> Exercise brief:
Retype the listing exactly; omit pictures.
Source data Start Marker
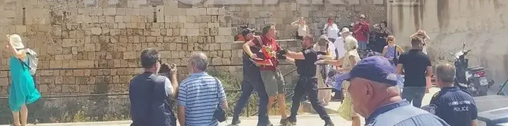 Σε σκηνικό αυξημένης έντασης μετατράπηκε για λίγη ώρα τη Δευτέρα (28.07.2025) το λιμάνι στη Ρόδο. Αφορμή η άφιξη κρουαζιερόπλοιου στο οποίο επιβαίνουν περισσότεροι από 650 Ισραηλινοί τουρίστες.
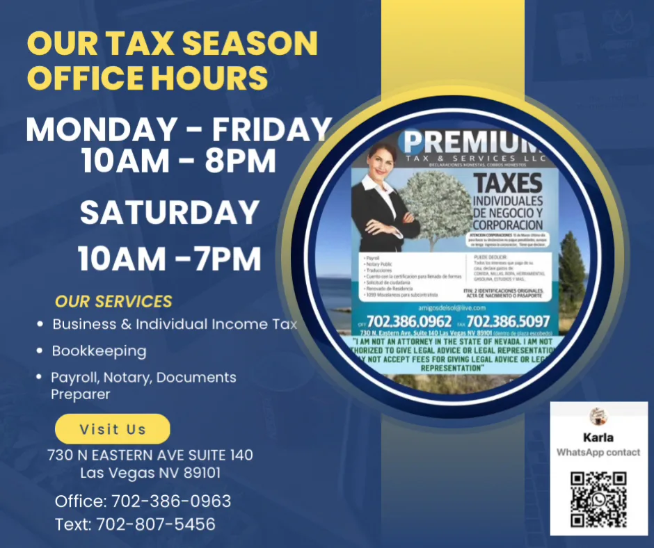 The office supports clients who need help preparing their taxes, using an organized service approach that emphasizes clear explanations and careful review during the appointment. For most taxpayers, accurate filing relies on proper review of income documentation, correct entry of reported figures, and appropriate application of deductions and credits when relevant. Premium Tax & Services LLC is positioned to help clients understand the filing process step-by-step, including what information is used to complete the return and how key inputs affect the final results. Clients often choose a local office-based preparer to reduce confusion around common tax questions, particularly when forms are detailed or when returns involve multiple types of income. The office is provide guidance that helps clients stay informed throughout preparation, treating tax filing as a structured process rather than a purely transactional step. Premium Tax & Services LLC serves the Las Vegas area and supports taxpayers who value timely preparation, responsive communication, and careful handling of documentation. Prospective clients can contact the office to confirm appointment details and to bring the documents needed for their specific filing scenario. Overall, the business is intended for individuals who want professional help preparing their return and for clients who prefer a preparer who can explain practical aspects of the process during the appointment.
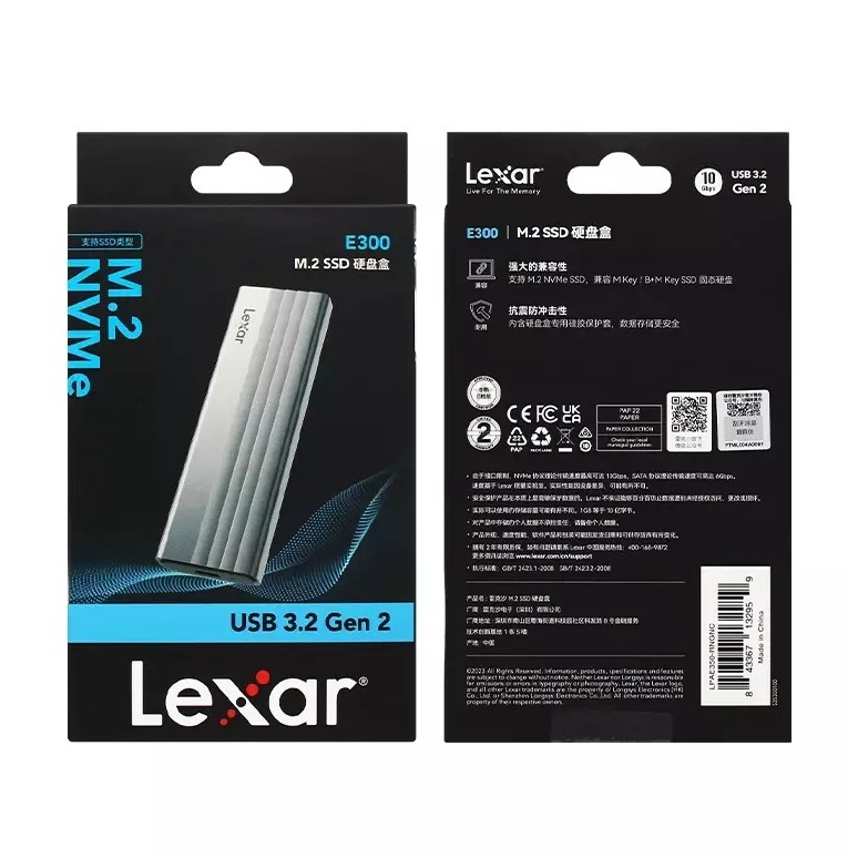 ✨Box ổ cứng Lexar E300 M.2 SSD Enclosure hỗ trợ NVMe SSD 2280/2260/2242/2230, USB 3.2 Gen 2 - Hàng chính hãng
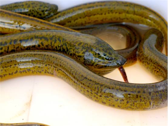 黄鳝给人最深的印象是身体没有鳞,取而代之的是一层滑溜溜的黏液,抓起来很费劲,像本文开头我那样拿手直接去攥肯定是抓不到的,需要用特殊的武林绝招去抓,练到拿三个手指卡住颈部,黄鳝就跑不了了。这种鹰爪功非常难练,非十几二十年苦习不可。
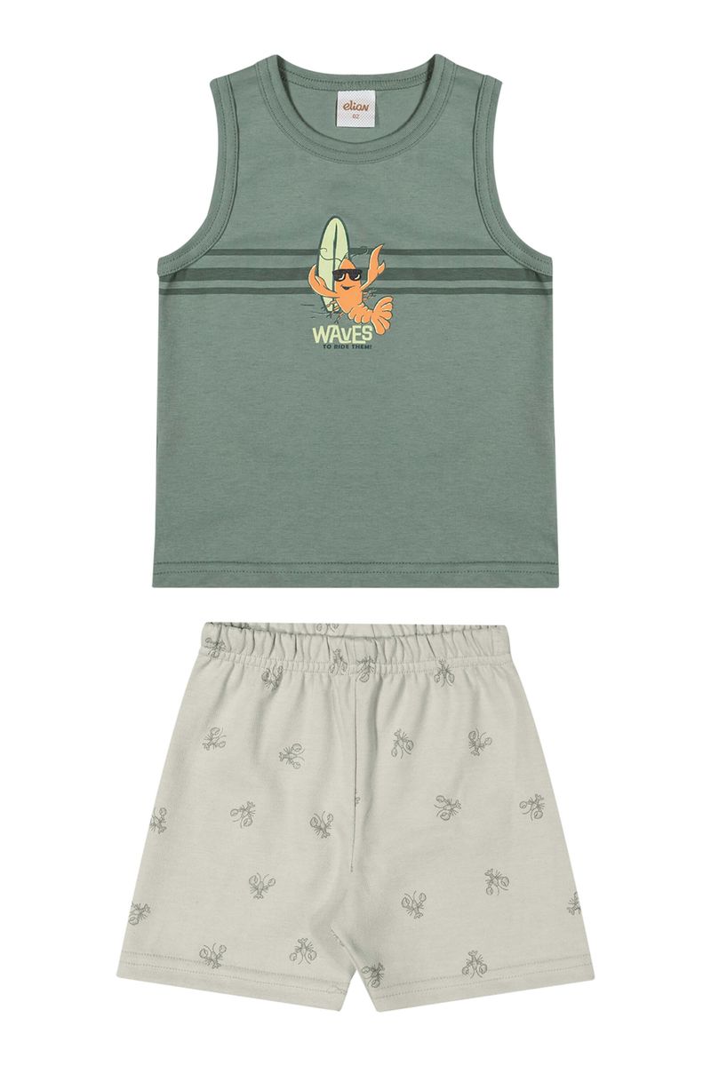 • Conjunto composto por regata e bermuda • Feito em meia malha e moletinho dublado • Estampa de lagostas • Elástico no cós • Ideal para brincadeiras e momentos de lazer
Source data End Marker
> Response:
 Σε σκηνικό αυξημένης έντασης μετατράπηκε για λίγη ώρα τη Δευτέρα (28.07.2025) το λιμάνι στη Ρόδο. Αφορμή η άφιξη κρουαζιερόπλοιου στο οποίο επιβαίνουν περισσότεροι από 650 Ισραηλινοί τουρίστες.
 The office supports clients who need help preparing their taxes, using an organized service approach that emphasizes clear explanations and careful review during the appointment. For most taxpayers, accurate filing relies on proper review of income documentation, correct entry of reported figures, and appropriate application of deductions and credits when relevant. Premium Tax & Services LLC is positioned to help clients understand the filing process step-by-step, including what information is used to complete the return and how key inputs affect the final results. Clients often choose a local office-based preparer to reduce confusion around common tax questions, particularly when forms are detailed or when returns involve multiple types of income. The office is provide guidance that helps clients stay informed throughout preparation, treating tax filing as a structured process rather than a purely transactional step. Premium Tax & Services LLC serves the Las Vegas area and supports taxpayers who value timely preparation, responsive communication, and careful handling of documentation. Prospective clients can contact the office to confirm appointment details and to bring the documents needed for their specific filing scenario. Overall, the business is intended for individuals who want professional help preparing their return and for clients who prefer a preparer who can explain practical aspects of the process during the appointment.
 ✨Box ổ cứng Lexar E300 M.2 SSD Enclosure hỗ trợ NVMe SSD 2280/2260/2242/2230, USB 3.2 Gen 2 - Hàng chính hãng
 黄鳝给人最深的印象是身体没有鳞,取而代之的是一层滑溜溜的黏液,抓起来很费劲,像本文开头我那样拿手直接去攥肯定是抓不到的,需要用特殊的武林绝招去抓,练到拿三个手指卡住颈部,黄鳝就跑不了了。这种鹰爪功非常难练,非十几二十年苦习不可。
 • Conjunto composto por regata e bermuda • Feito em meia malha e moletinho dublado • Estampa de lagostas • Elástico no cós • Ideal para brincadeiras e momentos de lazer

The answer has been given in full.